De raad heeft in de desbetreffende planregels open normen als ‘passende maatvoeringsnormen’ en ‘voldoende stedenbouwkundige kwaliteit’ opgenomen. Dergelijke normen bieden naar het oordeel van de Afdeling onvoldoende duidelijkheid over de daarmee toegestane bouw- en gebruiksmogelijkheden. Weliswaar is in paragraaf 2.3 van de ‘Beleidsregel stedenbouwkundig kader Retailpark Belvédère, 1e herziening 2021’ per zogenoemd cluster weergegeven wat daaronder moet worden verstaan, maar de verbeelding en de planregels zelf bieden onvoldoende inzicht in de bouw- en gebruiksmogelijkheden van het plan. Daarmee biedt het plan zelf in dit geval onvoldoende rechtszekerheid aan de (toekomstige) eigenaren en gebruikers van gronden in en buiten de betrokken delen van het plangebied. Behoudens waar mag worden gebouwd, stellen de verbeelding en de planregels immers verder geen beperkingen aan de aard en omvang van de toegelaten bebouwing op gronden met de bestemmingen ‘Detailhandel – PDV+" en ‘Gemengd – Transformatie’. Naar het oordeel van de Afdeling hadden onderdelen van de daarop betrekking hebbende normering, als opgenomen in de beleidsregel, zoals bijvoorbeeld de toegestane maatvoering, in de planregels zelf moeten worden opgenomen, eventueel in combinatie met aanduidingen opgenomen op de verbeelding en met in de planregels opgenomen flexibiliteitsbepalingen. Maar de planregels en eventueel tevens de verbeelding hadden ook andere nadere concrete en objectieve aanknopingspunten kunnen bevatten. Zo had in de planregels bijvoorbeeld kunnen worden aangegeven dat de ‘passendheid’ van maatvoering(snormen) betekent dat de voorziene bebouwing – als de raad dat met de term passend op het oog heeft – qua omvang, hoogte en situering dient aan te sluiten bij de bebouwing in de directe omgeving. De planregels en de verbeelding bevatten evenmin voldoende concrete en objectieve aanknopingspunten voor wat onder een voldoende stedenbouwkundige kwaliteit moet worden verstaan. Voor dit oordeel is mede van betekenis dat deze open norm – anders dan bijvoorbeeld de open norm van ‘voldoende parkeergelegenheid’ – ziet op een breed facet van een goede ruimtelijke ordening met naar aard en omvang aanzienlijke effecten voor de omgeving.

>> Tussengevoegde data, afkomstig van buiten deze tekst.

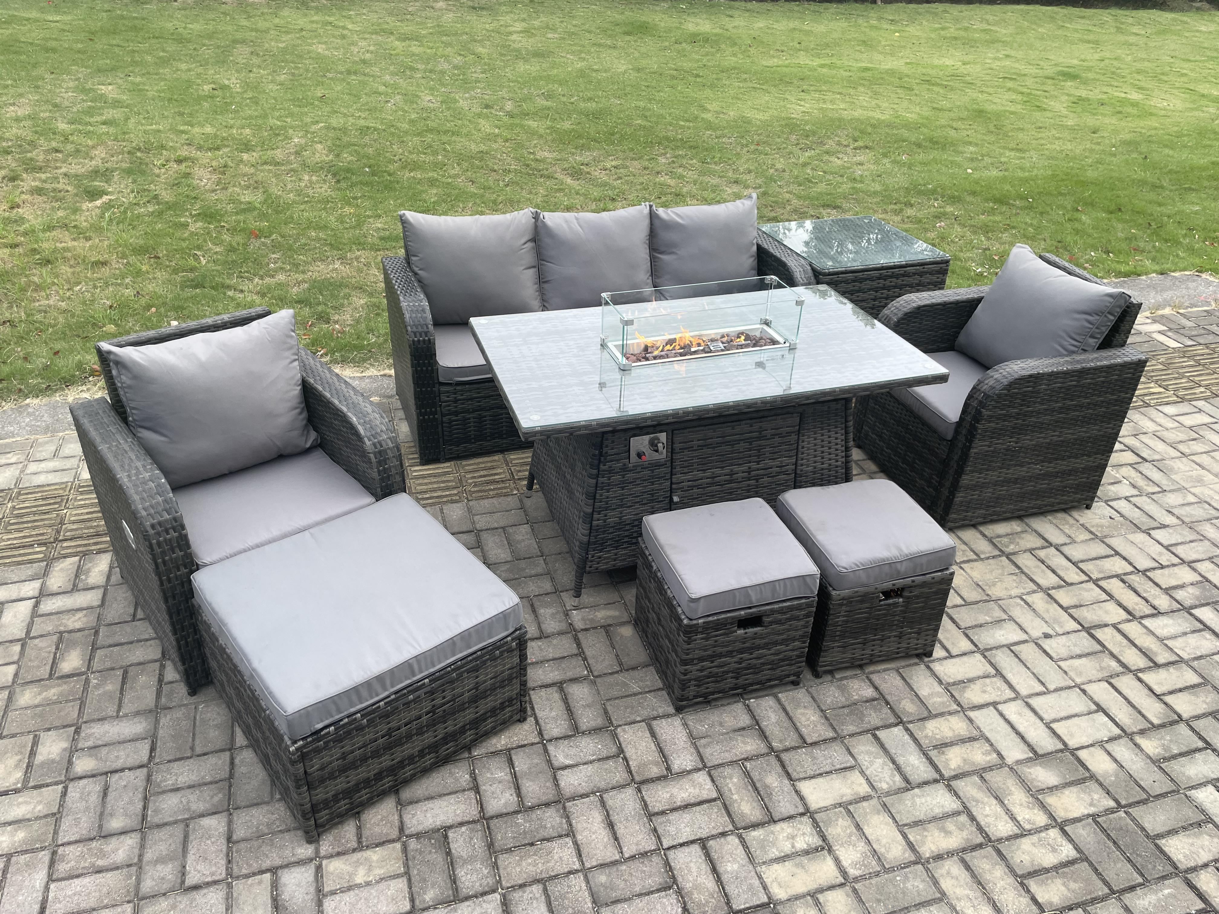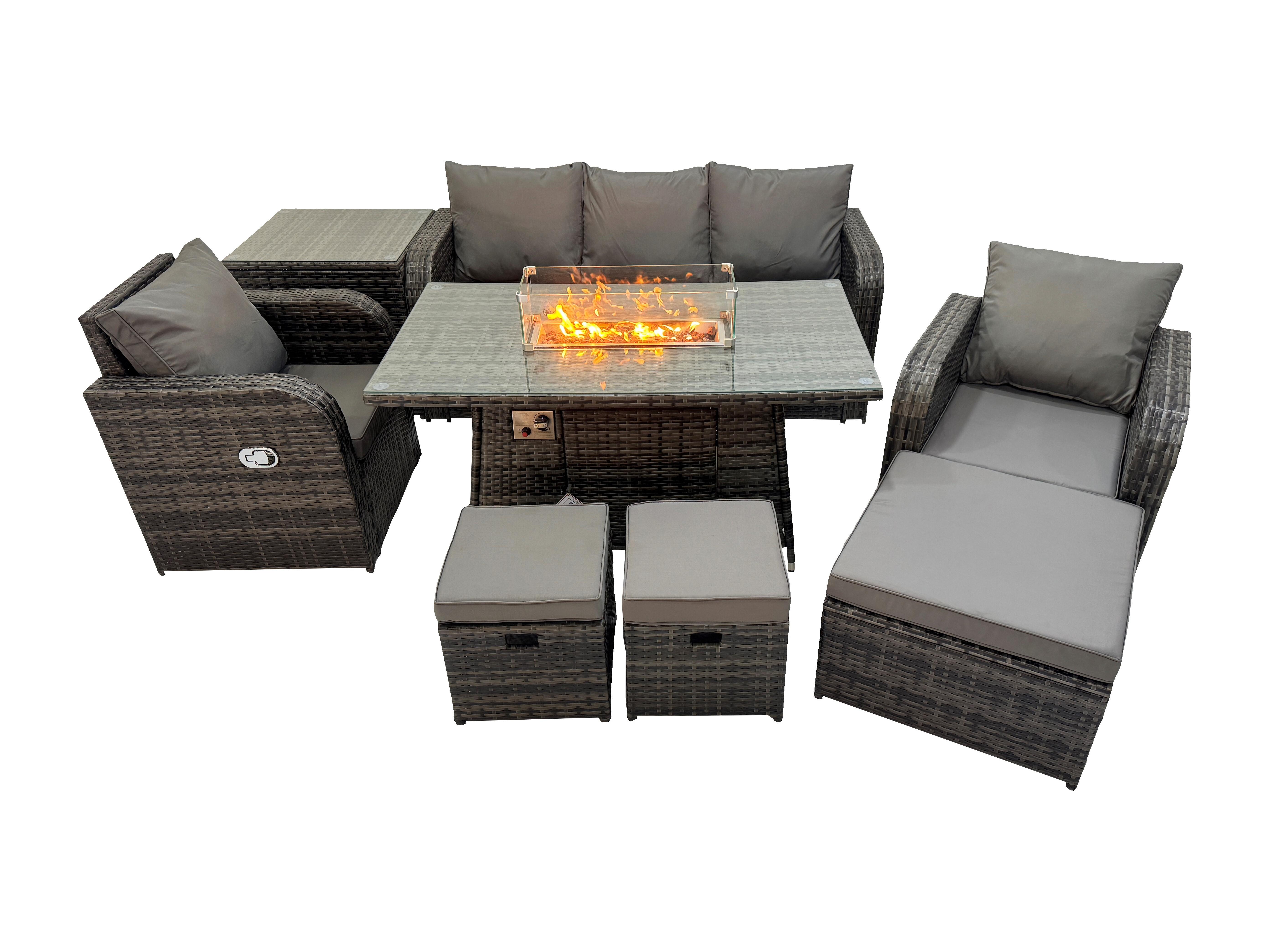 Polyrattan Gartenmöbel set Gas Feuerstelle Esstisch mit Beistelltisch Sessel 3 Hockern
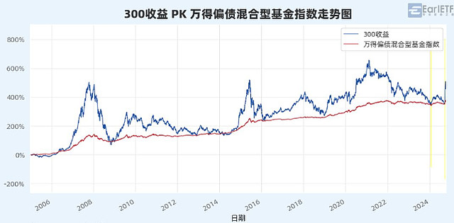 这个图是偏债混合基金指数和沪深300全收益指数的走势对比。
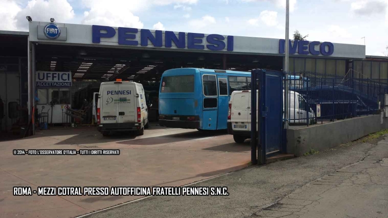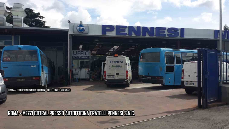 Questa volta siamo andati a visitare l’officina del privato Pennesi che si trova a Roma a due passi dal Grande Raccordo Anulare in via Salvatore Barzilai. Lì sostano numerosi mezzi Cotral, alcuni sono parcheggiati anche in strada e c’è anche un via vai di furgoni della “Cotral” che solitamente trasportano pezzi di ricambio.

Ter illustratie van een open norm die in dit geval wel voldoende objectief en concreet in de planregels en verbeelding is begrensd, wijst de Afdeling op de in de planregels opgenomen open norm van een ‘evenwichtige verdeling van de beschikbare winkelvloeroppervlakte’. Ter invulling van deze norm zijn in de planregels bepalingen opgenomen waarbij een begrenzing van het beschikbare winkelvloeroppervlak en de in het plangebied toegestane (sub)branches is bepaald. In de planregels is terzake bepaald dat die evenwichtige verdeling betrekking heeft op een maximaal beschikbaar winkelvloeroppervlak van 28.500 m² aan detailhandel. In artikel 19.1 van de planregels is een onderverdeling in (sub)branches opgenomen. Artikel 1.93 en 1.82 van de planregels bevatten in dat verband een definitie van de begrippen winkelvloeroppervlakte en PDV+. Verder volgt uit de planregels dat die functie verdeeld moet worden over de clusters in het plangebied, als bedoeld in artikel 1.35 van de planregels. Ingevolge dat artikel wordt onder ‘cluster’ verstaan: een deelgebied van het Retailpark Belvédère, conform de tekening die als bijlage 3 bij de planregels is toegevoegd en zoals op de verbeelding opgenomen met de aanduiding ‘specifieke vorm van gemengd cluster’. De verdere uitwerking daarvan is opgenomen in de ‘Beleidsregel stedenbouwkundig kader Retailpark Belvédère, 1e herziening 2021’. Daarin zijn voor de exacte verdeling van het winkelvloeroppervlak verschillende mogelijkheden opgenomen.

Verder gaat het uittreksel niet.